Richelieu: При подобной постановке вопроса возразить, казалось бы, было нечем, недуг, снедавший кардинала, внезапно отступил, словно удовлетворившись на миг чужой болью, и ответная его улыбка была поистине ангельской. Вздумай мэтр Филипп из Шампани запечатлеть двух достойных священнослужителей в таком виде, никто не посмел бы усомниться, что Франция управляется святыми. – Поверьте, друг мой, – произнес он с сокрушенным видом, – сию же минуту я не только отпустил бы вас на давно заслуженный вами отдых, но и сам поспешил бы к вам присоединиться… давно уже я мечтаю продолжить труд, начатый мной в «Наставлении христианину»… Он поник головой, словно уносясь в горние выси добродетели, где кардиналы блюдут целомудрие, католики соблюдают заповеди и Слово Божие денно звучит в сердцах верующих, вздохнул и, с видимым сожалением возвращаясь на грешную землю, буднично закончил: – Это было бы замечательно, но друг мой, кто нас заменит?

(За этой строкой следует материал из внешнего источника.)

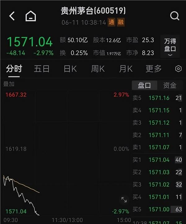 最让投资者关注的还是白酒股开盘集体重挫,贵州茅台继上周五盘中跳水后,持续走低。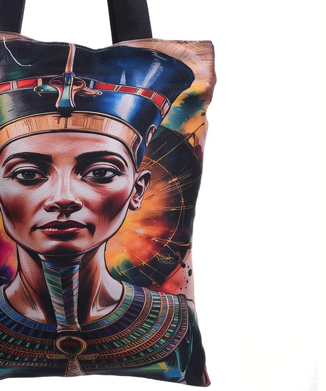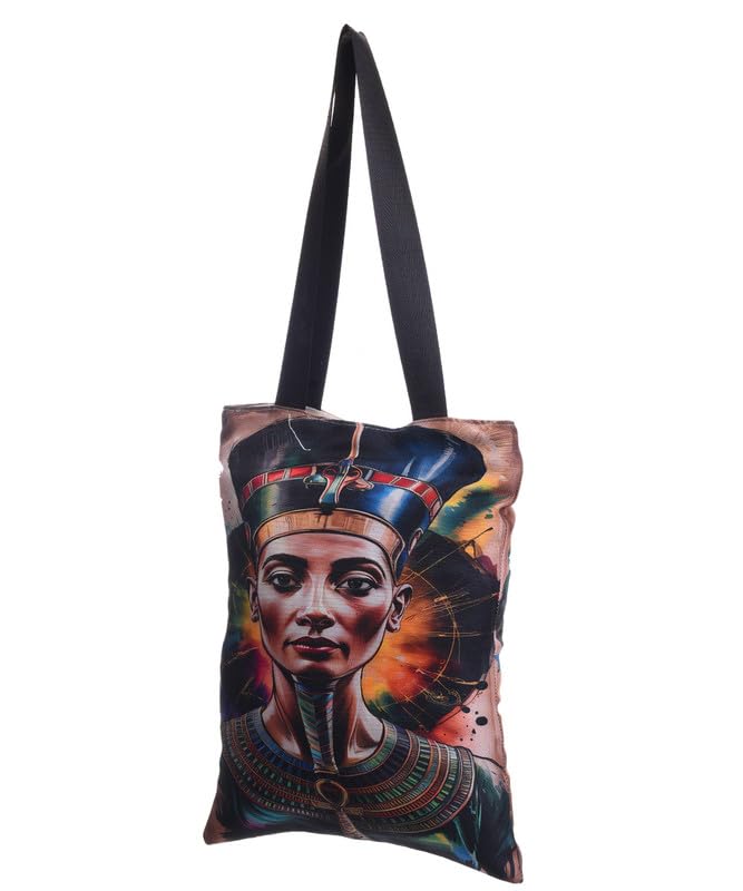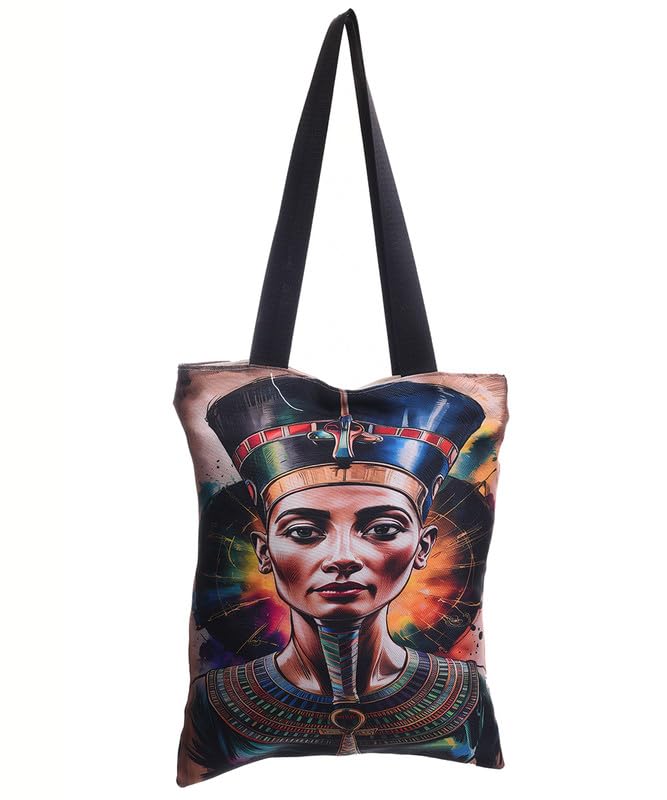 KYAN - شنطة يد كبيرة توت من الكتان بتصميم مطبوع على وجهين مع سحاب للنساء من كيان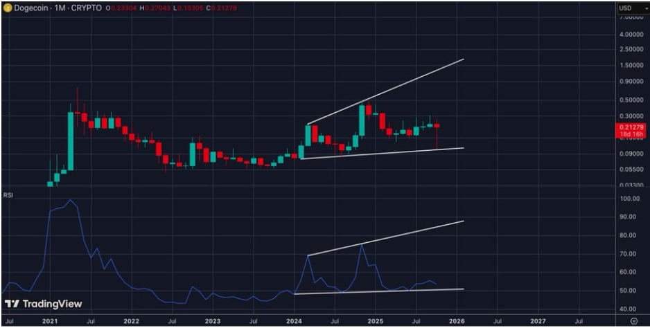 自2022年以来,DOGE始终在0.21-0.22美元间呈现上升楔形走势。主要支撑位在0.10-0.15美元区间,阻力位则位于0.30-0.35美元和0.50美元。分析师认为决定性突破这些关口可能引发新一轮上涨。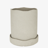 Featuring an unglazed, rough outer surface and an artfully uneven edge, the Uneru Pot and matching saucer will provide any space with a warm, tactile expression. Made from 30–40% recycled clay, the inside of the pot has been glazed, making it the ideal home for your favourite plants.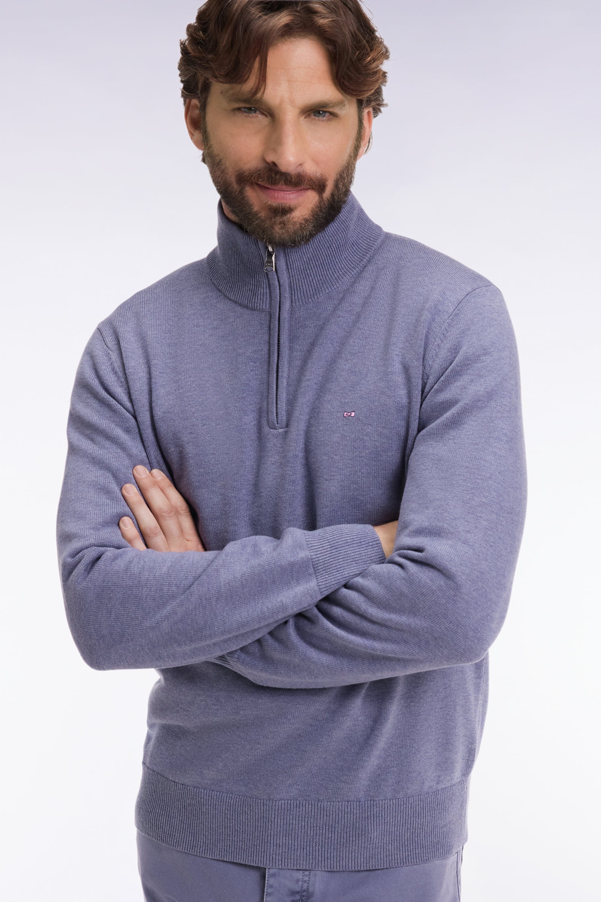 A men's wardrobe classic, the zipped trucker-neck sweater in wool and cotton blend embodies the functional elegance of the Eden Park wardrobe. Its comfortable straight cut lends itself to all kinds of layering. The bowtie embroidery on the chest and the signature slider zip give this timeless sweater the discreet signature of our French house. All you have to do is choose from 14 colors!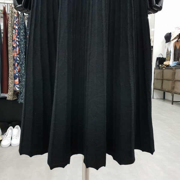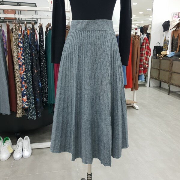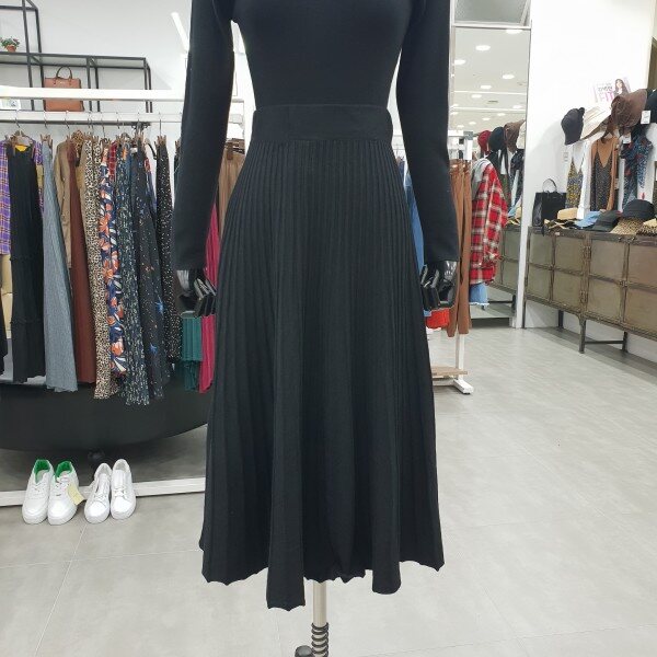 허리 밴딩처리로 간편하게 착용가능한 플리츠주름 니트원피스그레이,블랙 컬러구성

Отец Жозеф: От этого тона и, в особенности, от понимания того, что происходит, провинциал почувствовал себя подброшенным в воздух. И не пойманным. Он позволил себе поддаться гневу, более того, повысить голос на первого министра Франции, словно капризная девочка, топающая на горничную из-за того, что кружево на ее платье оказалось отглаженным недостаточно хорошо. Стыд и сознание собственного ничтожества захватили его при взгляде на пропасть, в которую он чуть было не угодил: гнев, тщеславие и гордыня. И кто сказал после такого, что он вправе рассчитывать на Царство Божие? Ришелье, которого, что греха таить, капуцин про себя - и не только про себя - иногда упрекал в недостаточной приверженности католическому делу, выказал себя куда более добрым христианином. Торопливо перекрестившись, словно прося Небо простить его за дурные мысли и свою ревность, монах поднял глаза на патрона. - Вас... о, монсеньор, разве кто-то может заменить вас? Господь в милости своей послал на исстрадавшуюся землю Французского королевства того, кому предназначено вернуть нам былое сияние,- он вздохнул, ибо помнил и знал, насколько то, что происходило в стране отличалось от представления об идеальном для него царстве Божием. Но не верить, что когда-нибудь все чинимое зло обернется во благо, пусть это благо будет не всем понятно и кому-то дастся солеными слезами и кровью... не верить в это было выше сил отца Жозефа. - Но, монсеньор,- покрасневшие, измученные глаза монаха устремились на собеседника, словно прося о куске хлеба,- монсеньор, прошу вас, помните, что ваши дела ведомы только Господу Богу и вам, а мы, смертные, не всегда можем оторвать взгляд от того, что у нас под ногами. Я мог быть полезнее в другом месте,- почти робко договорил он, извлекая из тайников души старое желание и складывая его, как сокровище, к ногам друга.- Да, я мог бы обратить свои усилия на воспитание в сердцах человеческих сочувствия и послушания... и, быть может, кто-то из этих грешников осознал бы, сколь тяжкие заблуждения живут в их сердцах... Голос монаха иссяк, словно выплеснутая из стакана вода. Самое ужасное было в том, что он не верил в то, что говорил. Уже не верил.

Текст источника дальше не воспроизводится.